После обильной трапезы в пирейской
Итак, я продолжал взахлеб рассказывать о Шервуде Андерсоне, обращаясь главным образом к капитану Антониу. Помню, какой взгляд он бросил на меня, когда я закончил, взгляд, в котором читалось: «Сдаюсь. Беру все, заверните». С тех пор я много раз перечитывал Шервуда Андерсона глазами Антониу. Он постоянно плавает от одного острова к другому и пишет стихи, бродя ночью по незнакомому городу. Несколько месяцев спустя я как-то встретился с ним на несколько минут в странном порту Ираклион на Крите. Он продолжал думать о Шервуде Андерсоне, хотя говорил со мною о грузах, которые перевозил, о сводках погоды и запасах пресной воды. Как-то раз в море я заметил, как он, зайдя к себе в каюту, достал с полки небольшую книжицу и с головой погрузился в таинственную ночь заштатного безымянного городка в Огайо. Ночами я всегда завидовал ему, завидовал его покою и одиночеству в море. Я завидовал его остановкам у островов и одиноким прогулкам по молчаливым деревушкам, названия которых ничего нам не говорили. Моим первым желанием в детстве было стать лоцманом. Я представлял, как буду стоять один в маленькой рубке на палубе и направлять корабль в узкий проход между опасными рифами. Идти навстречу штормам, сражаться с ними — это было так заманчиво, так восхитительно. Лицо Антониу носило на себе печать подобных сражений. Такая же печать лежала и на сочинениях Шервуда Андерсона.
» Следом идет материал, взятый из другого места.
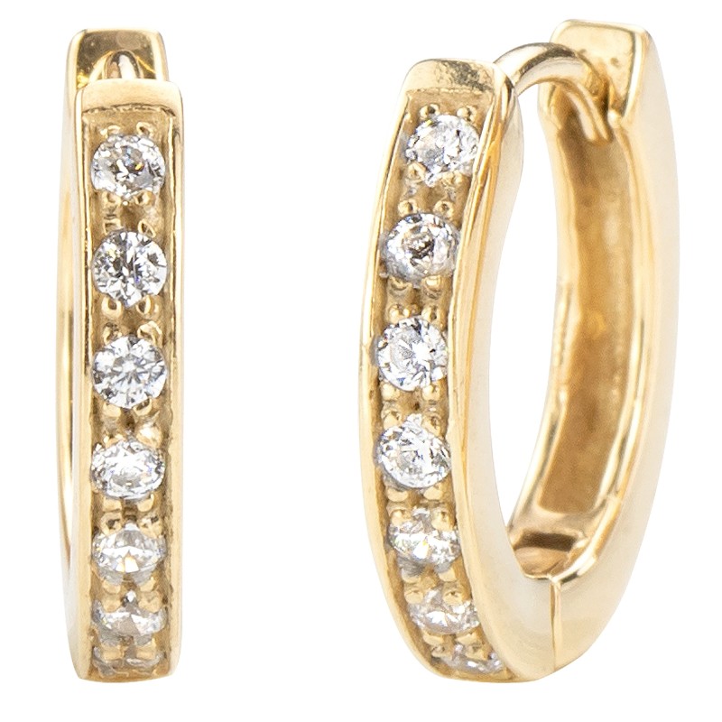 Traveller Hoop earrings - Stainless Steel - Gold Plated - Zirconia - 14 mm

Мне нравятся люди со штормовым темпераментом…
Мы расстались под утро. Я вернулся в гостиницу, распахнул балконную дверь и долго стоял, глядя на опустевшую площадь. Я приобрел еще двоих настоящих друзей и был счастлив этим. Я думал обо всех друзьях, которых приобрел за недолгое время пребывания в Греции. О Спиро, и таксисте, и Карименаиосе, жандарме. А еще был Макс, беженец, по-княжески расположившийся в отеле «Король Георг»; у него, казалось, не было других забот, как делать друзей счастливыми с помощью драхм, которые он не мог вывезти из страны. Еще был владелец гостиницы, в которой я жил; в отличие от французов, хозяев отелей, он время от времени спрашивал меня, не нуждаюсь ли я в деньгах. Если я говорил ему, что собираюсь ненадолго куда-то уехать, он просил: «Обязательно дай телеграмму, если понадобятся деньги». То же самое Спиро. Когда мы прощались в порту в ночь всеобщей паники, его последние слова были: «Мистер Генри, если вернетесь на Корфу, я хочу, чтобы вы остановились у меня. Не нужно никаких денег — просто приезжайте и живите, сколько захочется». Куда бы я ни поехал в Греции, повсюду я слышал одно и то же. Даже в префектуре, пока мне оформляли все бумаги, жандарм послал за кофе и сигаретами, чтобы мне комфортнее было дожидаться. Нравилось мне и то, как они побирались. Они этого не стыдились. Они просто останавливали вас и просили деньги или сигареты так, словно имели на это право. Это хороший знак, когда люди вот так просят подаяния: значит, они сами умеют давать. Француз, к примеру, не умеет ни дать, ни попросить о помощи — и в том и в другом случае он испытывает неловкость. Для него великая добродетель — не досаждать вам. Грек не окружает себя стеной: он и дает от души, и берет не чинясь.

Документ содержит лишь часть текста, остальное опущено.